Segment Open

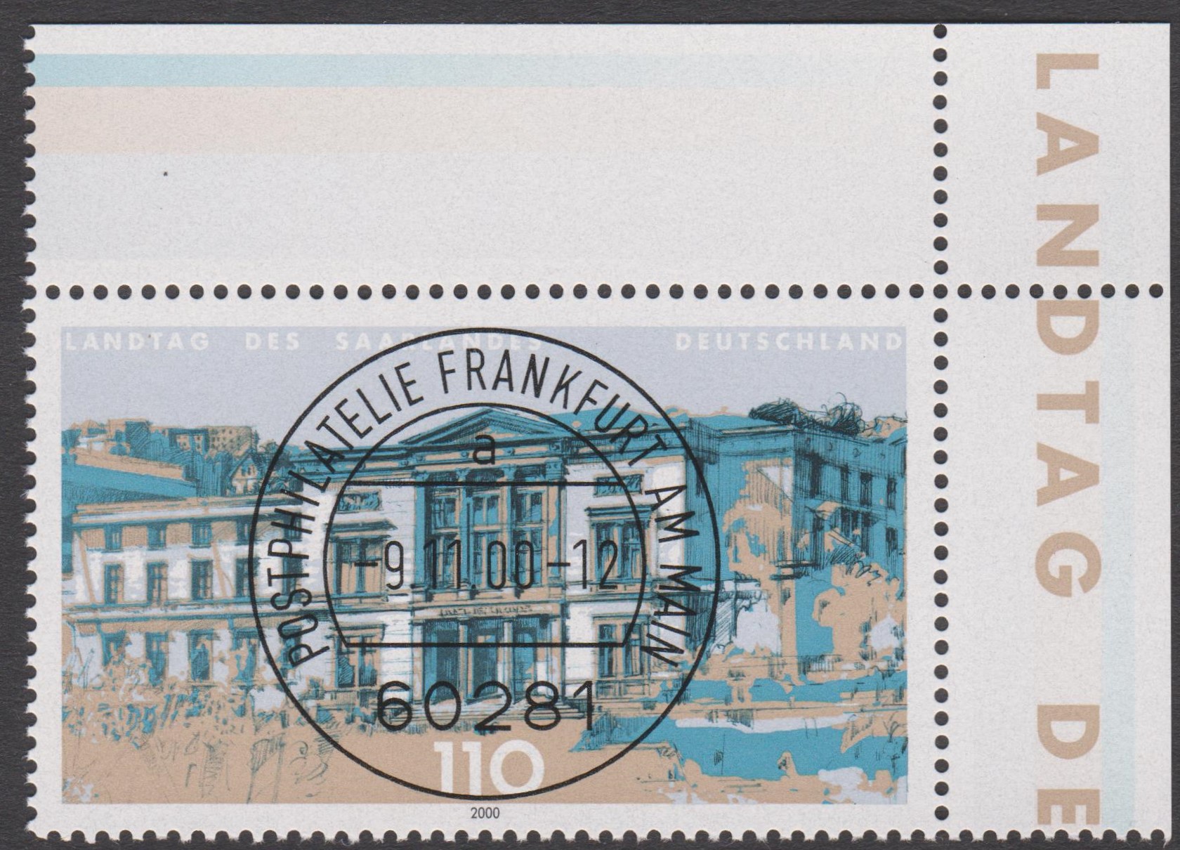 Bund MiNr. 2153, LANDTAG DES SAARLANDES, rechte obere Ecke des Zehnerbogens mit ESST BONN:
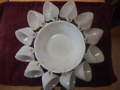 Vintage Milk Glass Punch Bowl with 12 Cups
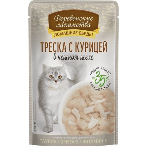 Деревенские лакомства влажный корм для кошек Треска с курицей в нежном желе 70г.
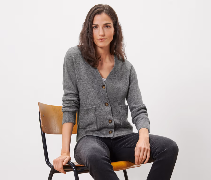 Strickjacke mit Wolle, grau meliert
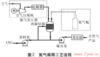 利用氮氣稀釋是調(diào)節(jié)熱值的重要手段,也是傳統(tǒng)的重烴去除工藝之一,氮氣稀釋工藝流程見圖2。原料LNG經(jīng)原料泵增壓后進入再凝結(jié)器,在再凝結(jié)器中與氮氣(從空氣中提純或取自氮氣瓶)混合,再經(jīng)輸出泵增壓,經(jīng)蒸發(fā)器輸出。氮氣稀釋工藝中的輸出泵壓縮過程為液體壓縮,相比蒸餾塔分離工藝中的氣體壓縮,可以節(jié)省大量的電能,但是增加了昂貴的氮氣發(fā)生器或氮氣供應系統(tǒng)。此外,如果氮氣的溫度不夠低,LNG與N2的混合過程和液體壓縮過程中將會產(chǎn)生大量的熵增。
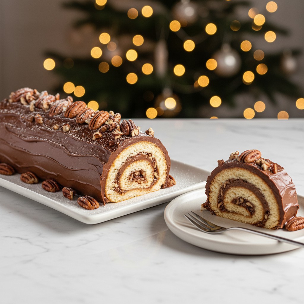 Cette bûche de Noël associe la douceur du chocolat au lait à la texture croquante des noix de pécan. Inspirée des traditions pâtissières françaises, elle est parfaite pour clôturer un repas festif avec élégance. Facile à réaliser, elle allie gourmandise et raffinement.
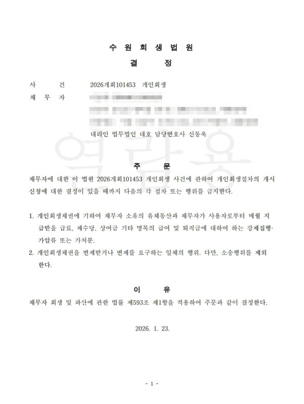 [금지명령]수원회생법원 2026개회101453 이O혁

Segment Closed

#### Description of the task
Exactly reproduce the lines that run from the first line of the listing above to the line containing "Деревенские лакомства влажный", including both; omit the pictures.

#### Solution below
 Bund MiNr. 2153, LANDTAG DES SAARLANDES, rechte obere Ecke des Zehnerbogens mit ESST BONN:
 Vintage Milk Glass Punch Bowl with 12 Cups
 Деревенские лакомства влажный корм для кошек Треска с курицей в нежном желе 70г.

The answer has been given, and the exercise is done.